Exercise aim:
Skip the pictures. Output only the lines below starting at the line with "Salak, Matawaktu.co.id –" and ending at the line with "Carefully sculpted, the", both ends included, exactly as they are.

Data:
::::

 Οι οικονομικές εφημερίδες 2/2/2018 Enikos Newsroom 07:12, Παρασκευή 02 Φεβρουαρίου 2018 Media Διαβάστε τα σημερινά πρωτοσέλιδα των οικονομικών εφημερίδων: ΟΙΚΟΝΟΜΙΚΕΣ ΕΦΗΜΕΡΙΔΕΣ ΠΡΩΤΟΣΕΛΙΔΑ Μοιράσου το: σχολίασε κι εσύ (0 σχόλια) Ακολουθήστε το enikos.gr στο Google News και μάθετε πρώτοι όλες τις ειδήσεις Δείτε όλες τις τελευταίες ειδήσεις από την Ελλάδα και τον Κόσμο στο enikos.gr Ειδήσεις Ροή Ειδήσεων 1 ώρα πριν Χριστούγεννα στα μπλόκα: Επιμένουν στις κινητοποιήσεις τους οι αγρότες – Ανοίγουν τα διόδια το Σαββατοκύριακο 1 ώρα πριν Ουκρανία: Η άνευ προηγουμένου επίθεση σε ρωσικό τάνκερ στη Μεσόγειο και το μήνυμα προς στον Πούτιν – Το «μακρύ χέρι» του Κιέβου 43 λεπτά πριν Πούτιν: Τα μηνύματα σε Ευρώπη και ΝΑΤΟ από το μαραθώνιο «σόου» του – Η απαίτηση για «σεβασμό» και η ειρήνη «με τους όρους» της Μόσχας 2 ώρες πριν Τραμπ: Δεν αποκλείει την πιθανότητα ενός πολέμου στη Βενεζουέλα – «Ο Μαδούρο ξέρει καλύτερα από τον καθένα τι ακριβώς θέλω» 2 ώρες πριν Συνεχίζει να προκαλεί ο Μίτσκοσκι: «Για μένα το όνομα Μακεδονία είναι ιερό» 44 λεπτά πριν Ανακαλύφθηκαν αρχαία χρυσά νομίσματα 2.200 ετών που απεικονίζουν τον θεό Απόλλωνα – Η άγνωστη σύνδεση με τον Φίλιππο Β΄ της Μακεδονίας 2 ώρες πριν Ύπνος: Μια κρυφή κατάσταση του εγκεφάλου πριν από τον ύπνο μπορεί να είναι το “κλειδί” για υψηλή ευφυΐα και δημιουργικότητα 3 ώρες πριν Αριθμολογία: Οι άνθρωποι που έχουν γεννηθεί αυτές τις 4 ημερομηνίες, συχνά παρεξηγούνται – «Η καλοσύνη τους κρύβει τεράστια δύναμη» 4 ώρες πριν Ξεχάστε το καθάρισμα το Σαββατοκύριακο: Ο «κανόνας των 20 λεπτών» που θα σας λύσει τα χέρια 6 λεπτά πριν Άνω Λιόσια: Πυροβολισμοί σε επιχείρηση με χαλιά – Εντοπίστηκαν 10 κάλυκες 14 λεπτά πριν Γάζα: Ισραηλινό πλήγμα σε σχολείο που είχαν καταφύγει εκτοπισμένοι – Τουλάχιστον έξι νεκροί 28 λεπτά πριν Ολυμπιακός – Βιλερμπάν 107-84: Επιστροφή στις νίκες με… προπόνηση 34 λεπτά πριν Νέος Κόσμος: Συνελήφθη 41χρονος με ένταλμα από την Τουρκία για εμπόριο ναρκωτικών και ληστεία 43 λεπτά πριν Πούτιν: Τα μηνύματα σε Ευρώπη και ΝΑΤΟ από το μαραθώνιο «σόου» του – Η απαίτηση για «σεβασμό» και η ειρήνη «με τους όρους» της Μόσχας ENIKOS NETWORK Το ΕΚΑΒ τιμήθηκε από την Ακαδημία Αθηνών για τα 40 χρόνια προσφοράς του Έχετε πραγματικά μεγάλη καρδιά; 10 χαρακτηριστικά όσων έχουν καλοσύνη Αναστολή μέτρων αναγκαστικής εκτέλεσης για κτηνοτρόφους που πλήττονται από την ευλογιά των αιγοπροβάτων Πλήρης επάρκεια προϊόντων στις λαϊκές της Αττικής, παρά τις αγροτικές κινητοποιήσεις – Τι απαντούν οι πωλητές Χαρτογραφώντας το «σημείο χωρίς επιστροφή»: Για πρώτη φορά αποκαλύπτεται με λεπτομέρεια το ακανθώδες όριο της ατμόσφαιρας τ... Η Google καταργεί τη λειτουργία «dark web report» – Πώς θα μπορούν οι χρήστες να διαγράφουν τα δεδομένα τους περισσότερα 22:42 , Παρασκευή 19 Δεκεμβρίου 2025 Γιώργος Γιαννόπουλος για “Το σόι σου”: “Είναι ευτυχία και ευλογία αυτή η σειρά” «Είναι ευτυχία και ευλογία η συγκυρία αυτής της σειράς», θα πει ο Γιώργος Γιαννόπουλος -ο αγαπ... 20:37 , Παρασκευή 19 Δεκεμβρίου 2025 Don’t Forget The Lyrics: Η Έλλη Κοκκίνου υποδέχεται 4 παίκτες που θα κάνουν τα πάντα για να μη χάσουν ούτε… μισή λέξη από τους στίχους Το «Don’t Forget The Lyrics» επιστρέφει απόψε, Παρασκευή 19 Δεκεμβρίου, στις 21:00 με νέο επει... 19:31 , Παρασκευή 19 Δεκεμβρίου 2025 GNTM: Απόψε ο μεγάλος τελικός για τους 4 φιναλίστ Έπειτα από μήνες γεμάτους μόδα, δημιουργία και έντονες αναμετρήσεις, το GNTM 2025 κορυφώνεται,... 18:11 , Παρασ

::::

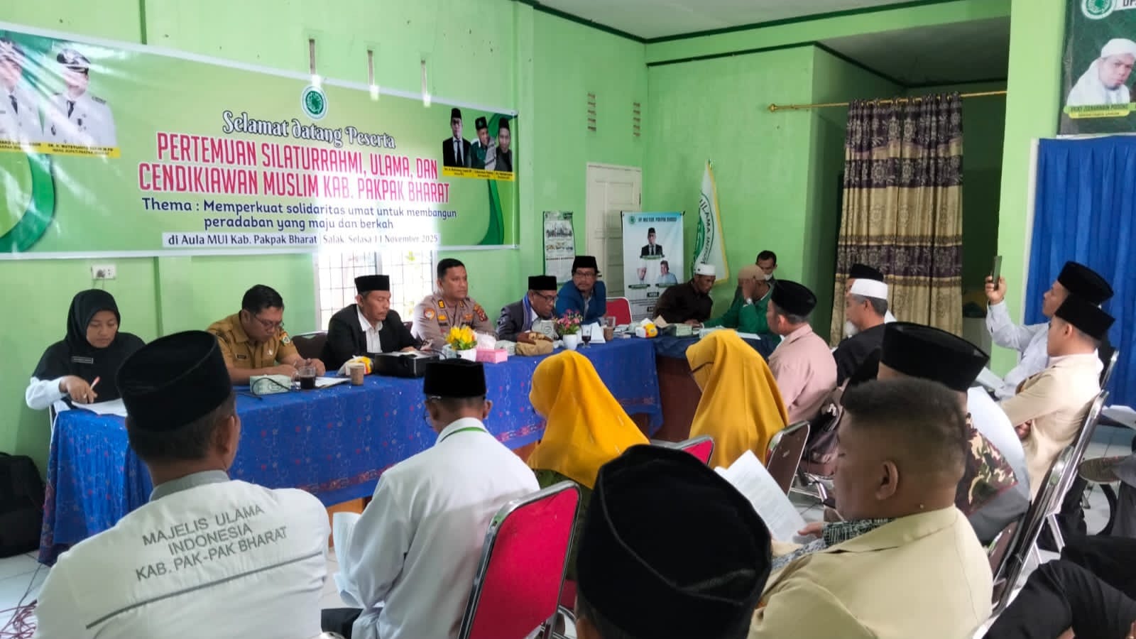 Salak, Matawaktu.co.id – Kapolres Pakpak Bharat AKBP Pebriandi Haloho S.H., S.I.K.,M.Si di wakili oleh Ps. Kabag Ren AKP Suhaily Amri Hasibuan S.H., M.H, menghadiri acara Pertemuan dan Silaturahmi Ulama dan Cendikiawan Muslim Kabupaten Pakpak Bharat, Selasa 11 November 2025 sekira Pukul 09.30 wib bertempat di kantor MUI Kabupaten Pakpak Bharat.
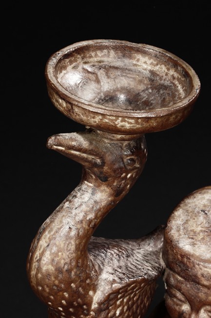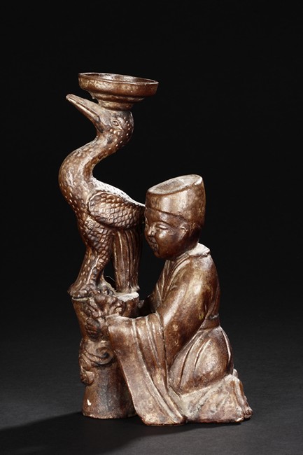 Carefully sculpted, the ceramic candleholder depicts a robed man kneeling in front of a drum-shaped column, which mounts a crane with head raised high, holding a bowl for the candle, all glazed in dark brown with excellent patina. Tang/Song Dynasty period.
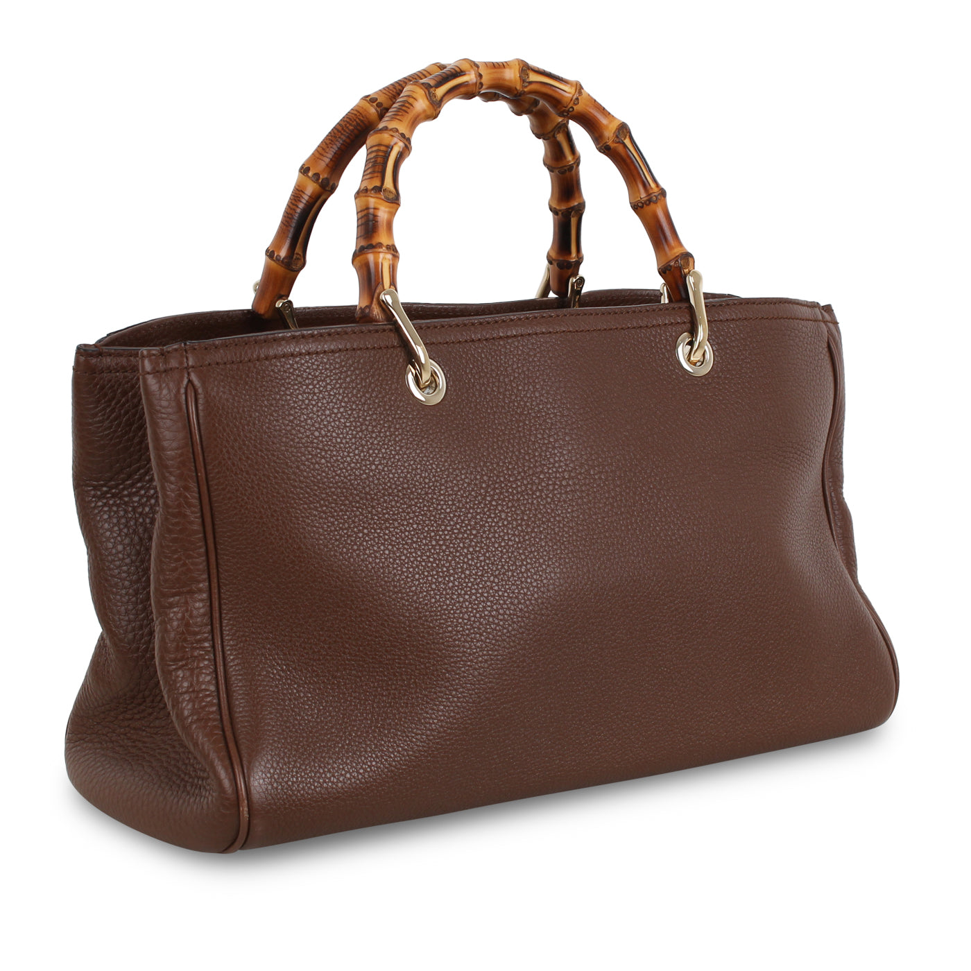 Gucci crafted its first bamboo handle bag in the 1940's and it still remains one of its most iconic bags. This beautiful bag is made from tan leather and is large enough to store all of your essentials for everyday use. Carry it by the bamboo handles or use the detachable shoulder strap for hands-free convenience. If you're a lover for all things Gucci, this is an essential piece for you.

::::

Answer area:
 Salak, Matawaktu.co.id – Kapolres Pakpak Bharat AKBP Pebriandi Haloho S.H., S.I.K.,M.Si di wakili oleh Ps. Kabag Ren AKP Suhaily Amri Hasibuan S.H., M.H, menghadiri acara Pertemuan dan Silaturahmi Ulama dan Cendikiawan Muslim Kabupaten Pakpak Bharat, Selasa 11 November 2025 sekira Pukul 09.30 wib bertempat di kantor MUI Kabupaten Pakpak Bharat.
 Carefully sculpted, the ceramic candleholder depicts a robed man kneeling in front of a drum-shaped column, which mounts a crane with head raised high, holding a bowl for the candle, all glazed in dark brown with excellent patina. Tang/Song Dynasty period.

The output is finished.